Deploying Jina services in Kubernetes is the recommended way to use Jina in production because Kubernetes can easily take over the lifetime management of Executors and Gateways.

Hint

This guide is designed for users who want to manually deploy a Jina project on Kubernetes.

Check out Jina AI Cloud Hosting if you want a one-click solution to deploy and host Jina, leveraging a cloud-native stack of Kubernetes, Prometheus and Grafana, without worrying about provisioning.

Preliminaries#

To follow this how-to, you need access to a Kubernetes cluster.

You can either set up minikube, or use one of many managed Kubernetes solutions in the cloud:

You need to install Linkerd in your K8s cluster. To use Linkerd, install the Linkerd CLI and its control plane in your cluster.
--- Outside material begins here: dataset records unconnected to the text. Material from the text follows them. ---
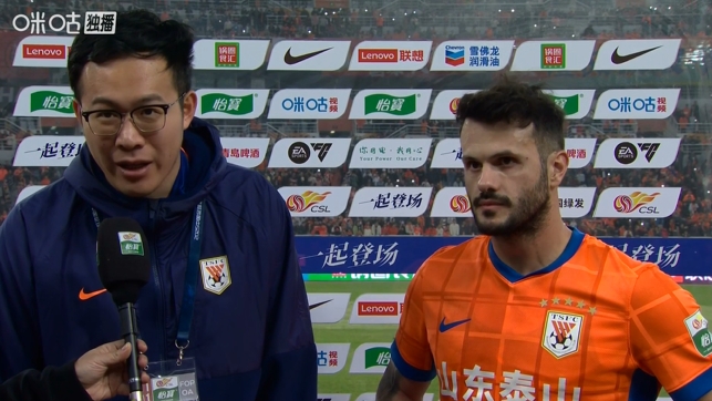 11月01日讯 中超第29轮,山东泰山2-1驯顺天津津门虎,卡扎伊什维利破门+失点,赛后他在接收采访时感谢了克雷桑的让点。
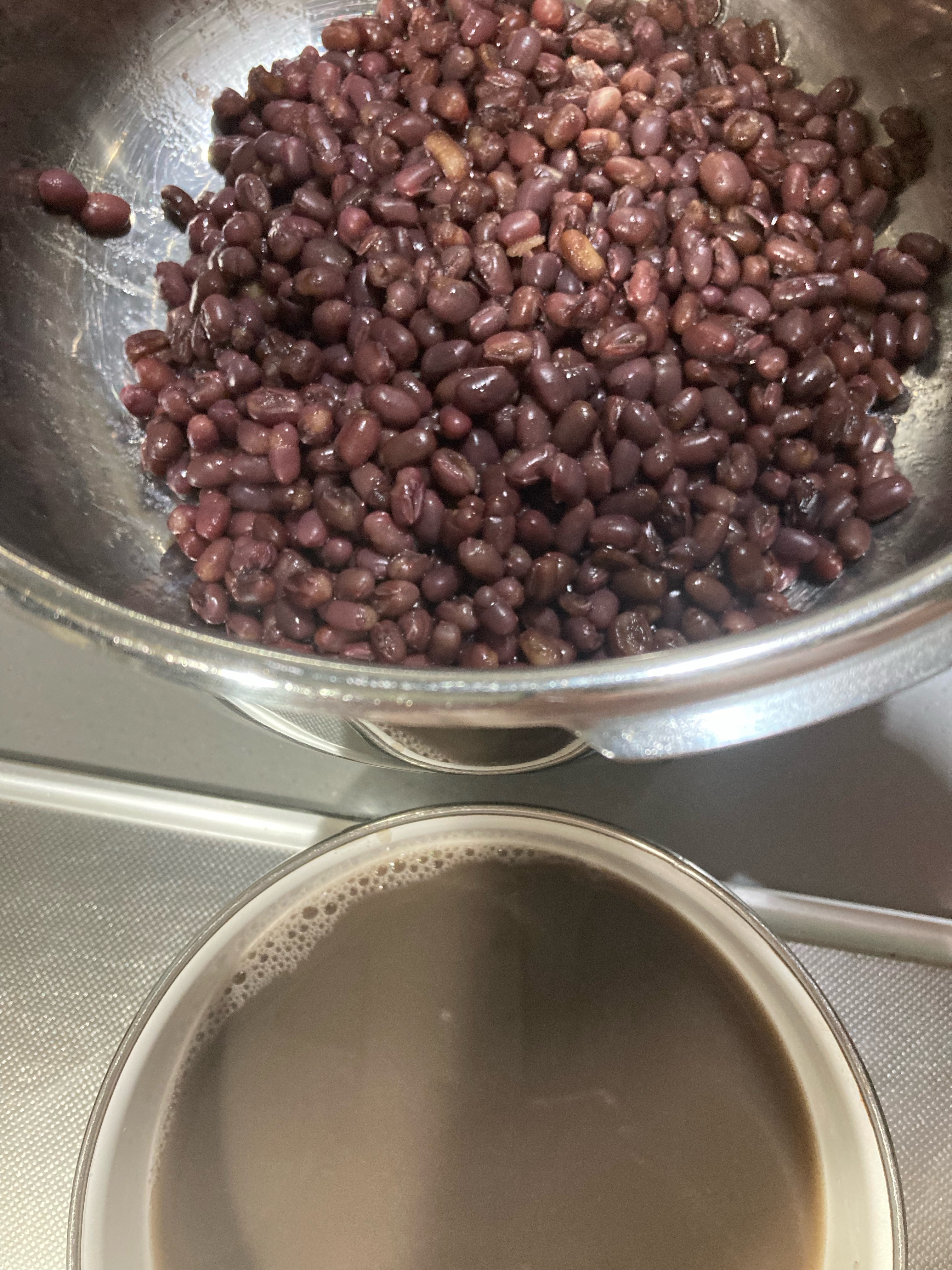 湯を切った小豆に5の砂糖蜜を入れて、そのまま冷ます
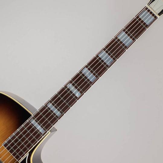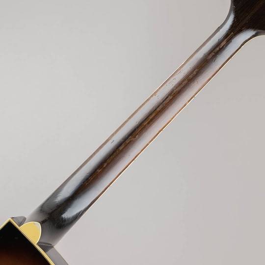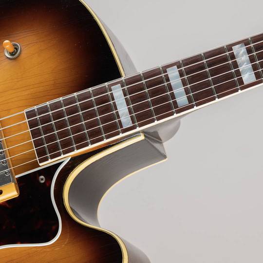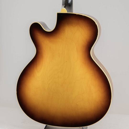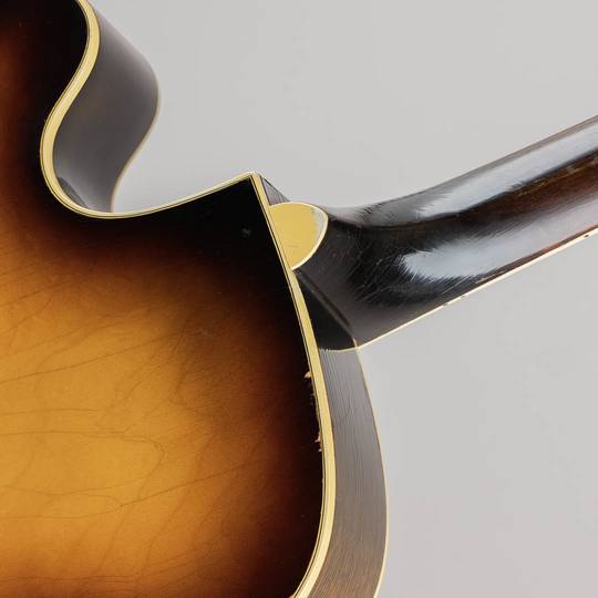 本機は1957年にGibsonに買収されカラマズー工場にて製造された個体となります。ラミネートメイプルボディ/マホガニーネック/ハカランダ指板のウッドスペック。グラマラスな曲線を描いたトップ面は美しく、17インチボディからなる豊かな生鳴りと経年変化による枯れた響きは格別。ネックシェイプはエッジのあるV字ながら、ナット幅が40mmとなっておりますのでストレスを感じにくいプレイアビリティでございます。その他、独特な丸みのあるヘッドロゴ/8角形のキャロセルノブ/パテント入りのフリークエンセーター・テールピース等、歴史を感じる魅力的なパーツが搭載されております。
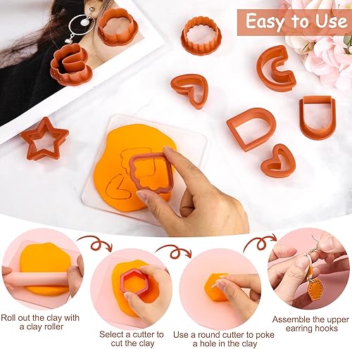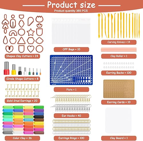 Jeesblsy Emporte-pièces en Argile Polymère pour Boucles D'oreille, 36 Couleurs Pâte Polymère avec avec Outils Accessoires, Moules Ronds en Forme de Cercle pour Fabrication de Bijoux (365pcs)
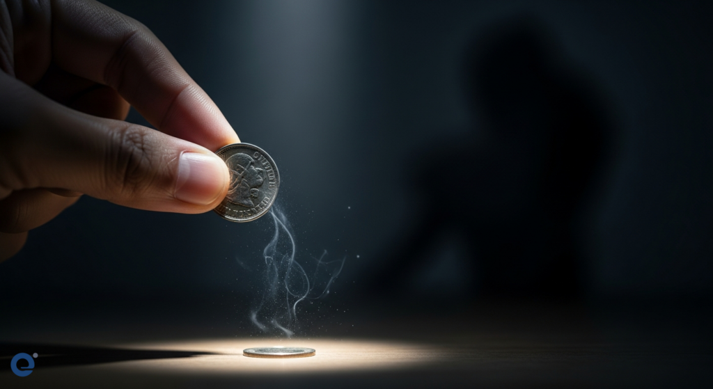 A person watches as coins slowly slip through their fingers, symbolizing the diminishing value of savings due to inflation.
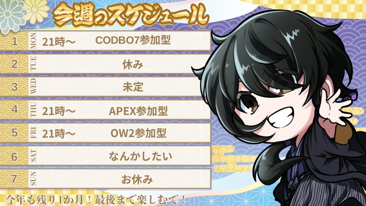 今週のスケジュールやで! 今回もFPS参加型多めでやって行くから遊びに来てや! 俺はみんなと喋って遊ぶんが大好きやから、これを機に仲良くなろか! #新人Vtuber #新人Vtuberを発掘せよ #新人Vtuberお探しですか pic.x.com/wyOpnVFiTu
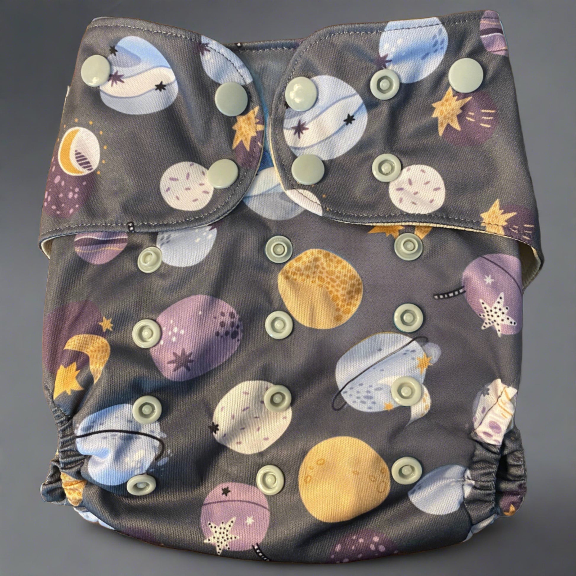 Our XL pocket diaper features a generously wide tummy panel to help prevent wicking with tummy sleepers.
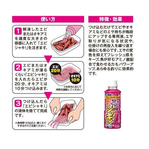 漬け込むだけで有頭エビやオキアミのエサ持ちがアップする調整材。
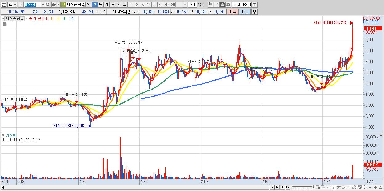 - 세진중공업 (10,040원 ▲ 20.96% , 시총: 5,708억, 거래량: 16,541,065, 거래대금:1,620억)
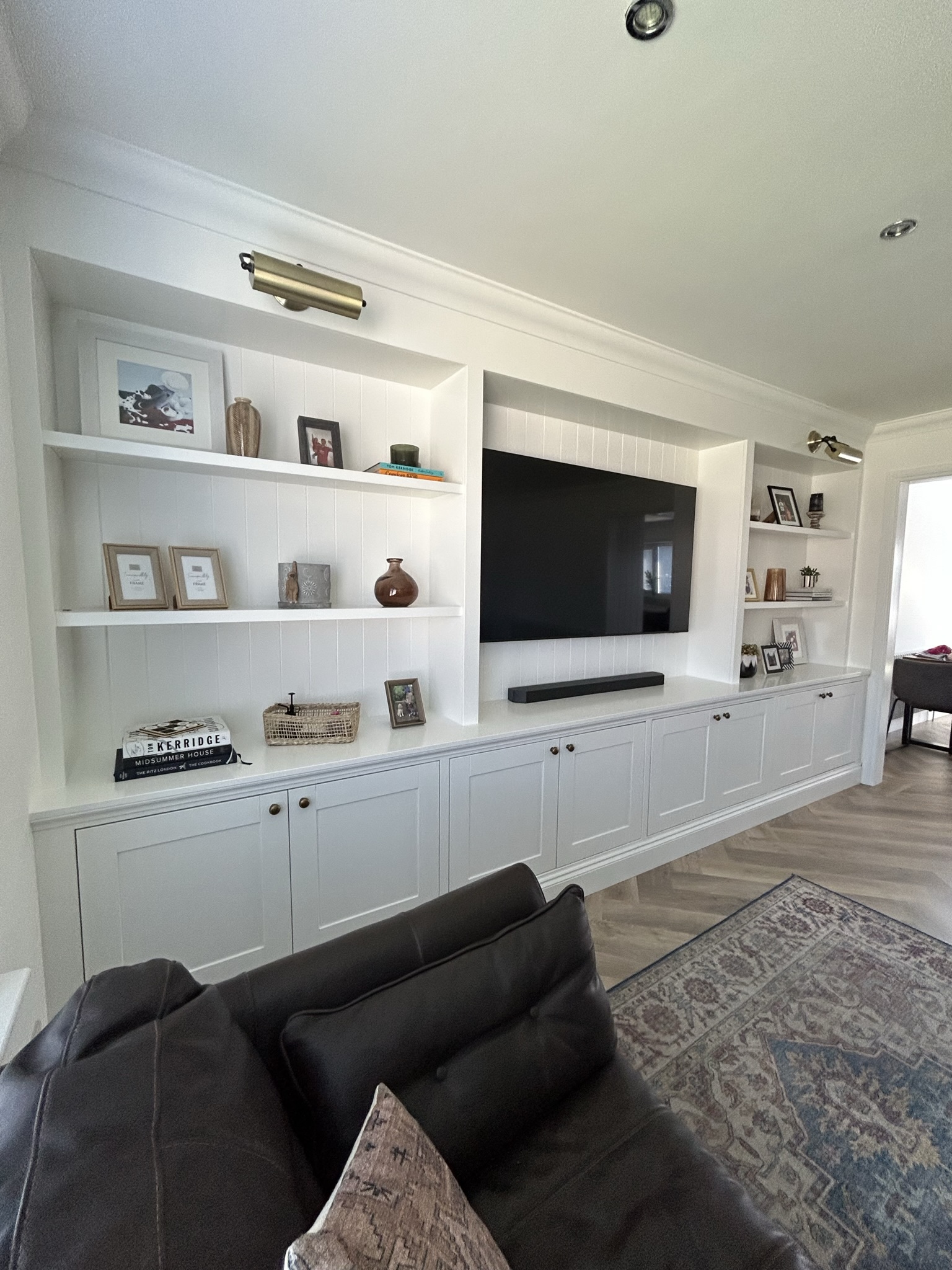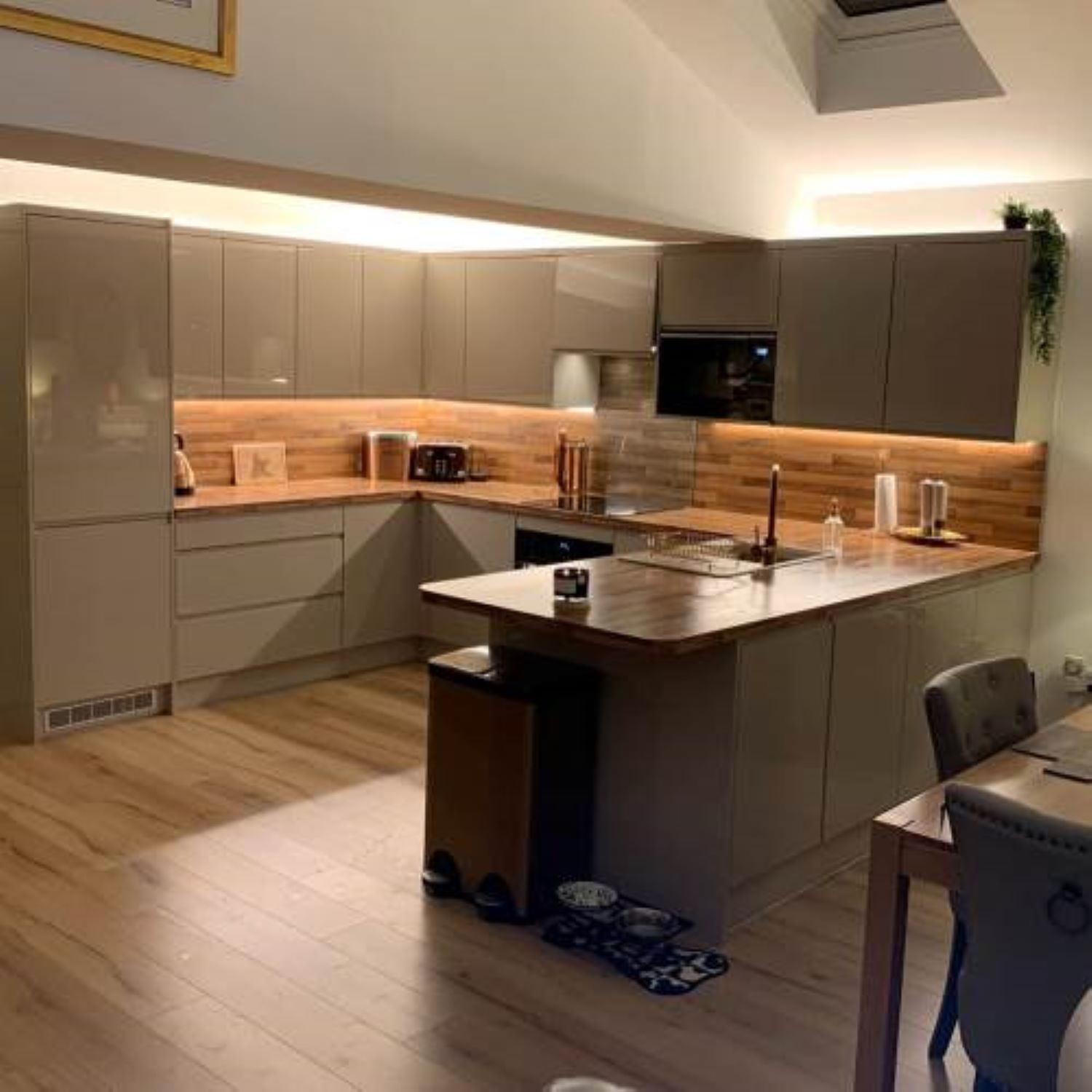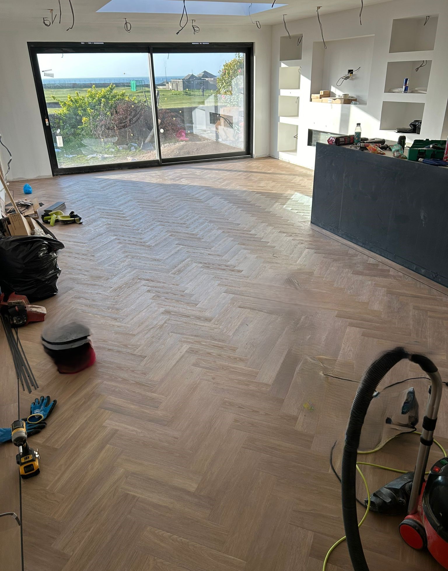 Flooring nearly complete, Client request Bespoke Media wall to left hand side

This automatically sets up and manages the service mesh proxies when you deploy the Flow.

To understand why you need to install a service mesh like Linkerd refer to this section

Build and containerize your Executors#

First, we need to build the Executors that we are going to use and containerize them manually or by leveraging Executor Hub. In this example, we are going to use the Hub.

We are going to build two Executors, the first is going to use CLIP to encode textual Documents, and the second is going to use an in-memory vector index. This way we can build a simple neural search system.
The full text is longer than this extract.